Available data:
::::::::::

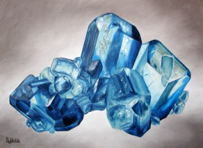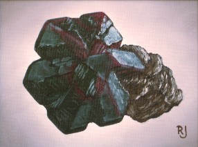 Mineral: Alexandrite Locality: Zimbabwe Specimen size: 3 cm Size of painting: 16 x 21 cm Price: $ 254,- Available: yes |
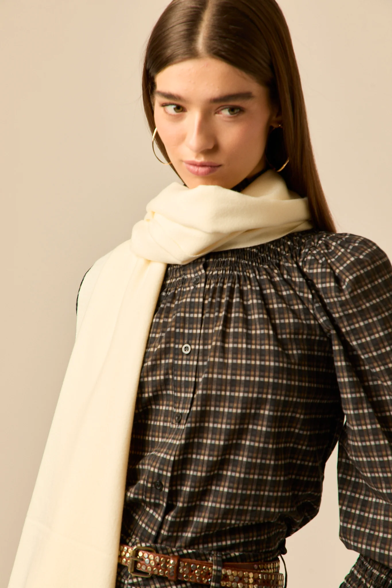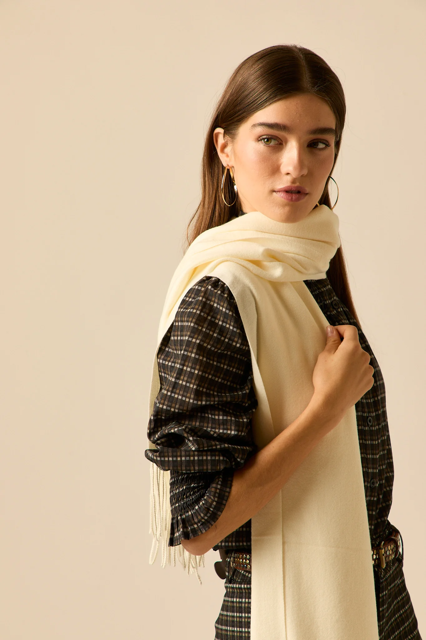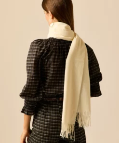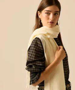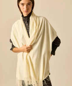 Bufanda estilo manta lisa de color crema con acabados en flecos en ambos extremos.
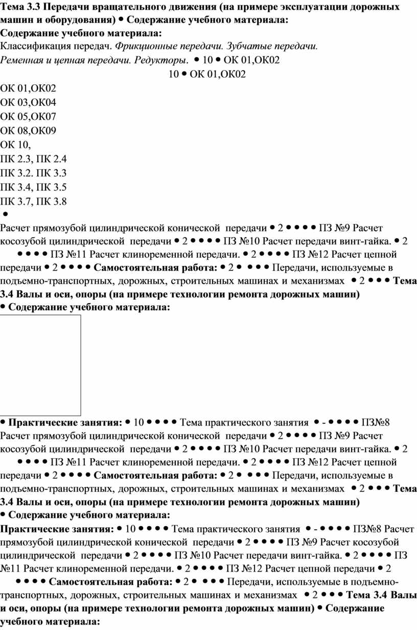 Тема 3.3 Передачи вращательного движения (на примере эксплуатации дорожных машин и оборудования) |

::::::::::

Nothing but the lines from the one containing "Bufanda estilo manta" through the end of the listing is to be output, and those lines are to be output exactly, pictures excluded.

 Bufanda estilo manta lisa de color crema con acabados en flecos en ambos extremos.
 Тема 3.3 Передачи вращательного движения (на примере эксплуатации дорожных машин и оборудования) |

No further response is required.